The word on Carioca and Sugar Loaf, two fields that possibly comprise one and the same super-giant oil field off Brazil, just reached my attention in comments by a Brazilian energy minister on Monday. The official was apparently citing a February magazine article. Petrobras will neither confirm nor deny the figures flying about, and instead chooses to wait for more data to come in.
So what are investors to make of all this? It would be a mistake to draw too firm a conclusion about the number of barrels here. All the same, it's worth familiarizing ourselves with the four petroleum parcels in play.

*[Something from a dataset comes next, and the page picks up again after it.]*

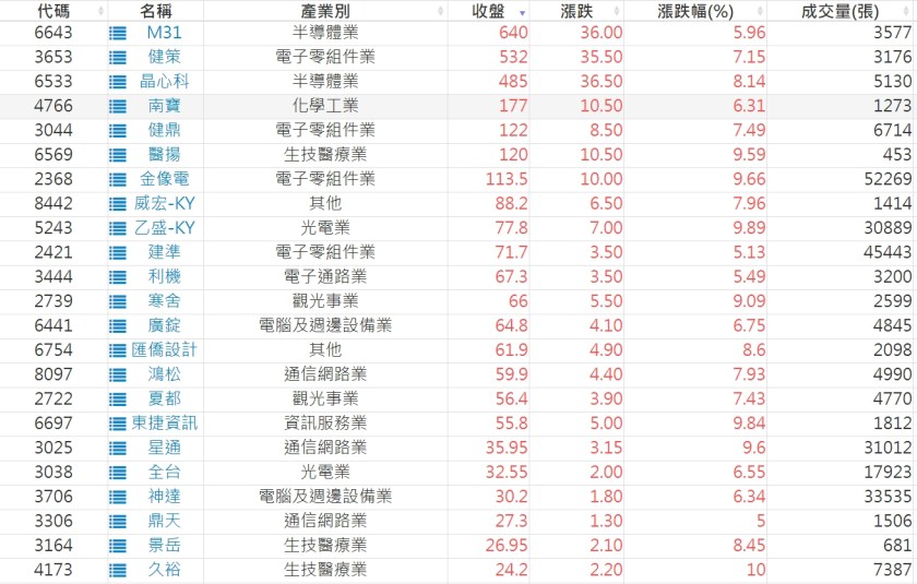 2023-0519股價創20日新高爆量上漲股 2023-05-20 股狗網小編 選股條件 發表留言 投資達人APP上線囉!!!『安裝APP』: 利用股狗選股的選股條件可以【挑選突破20日新高,爆量上漲起漲點股票】 1.股狗選股 https://www.stockdog.com.tw 2.選股條件: a.收盤價創20日新高 b.當日漲幅 > 2% C.成交量大於5日均量2倍 免責宣言 本網站文章所提供資訊僅供參考,並無任何推介買賣之意,投資人應自行承擔交易風險。 分享此文: 分享到 X(在新視窗中開啟) X 分享到 Facebook(在新視窗中開啟) Facebook 喜歡 正在載入...

The Carioca test well, which Petrobras has confirmed as a discovery, lies in a Petrobras-operated block in which Repsol YPF (NYSE: REP ) holds a 25% stake. The Spanish company's humble slice was enough to generate a 9% groundswell in its ADRs yesterday. The Sugar Loaf well test lies in an adjacent Petrobras-held block, in which Royal Dutch Shell (NYSE: RDS-A ) (NYSE: RDS-B ) holds a handsome 40% interest. So did Shell shares surge by the seashore? Only a smidge.
There are two more blocks nearby, one of which is operated by ExxonMobil (NYSE: XOM ) and counts stealthy offshore heavyweight Hess (NYSE: HES ) as a significant minority partner. Test results there aren't expected until June, and it's impossible to say whether those companies will find themselves in the fairway.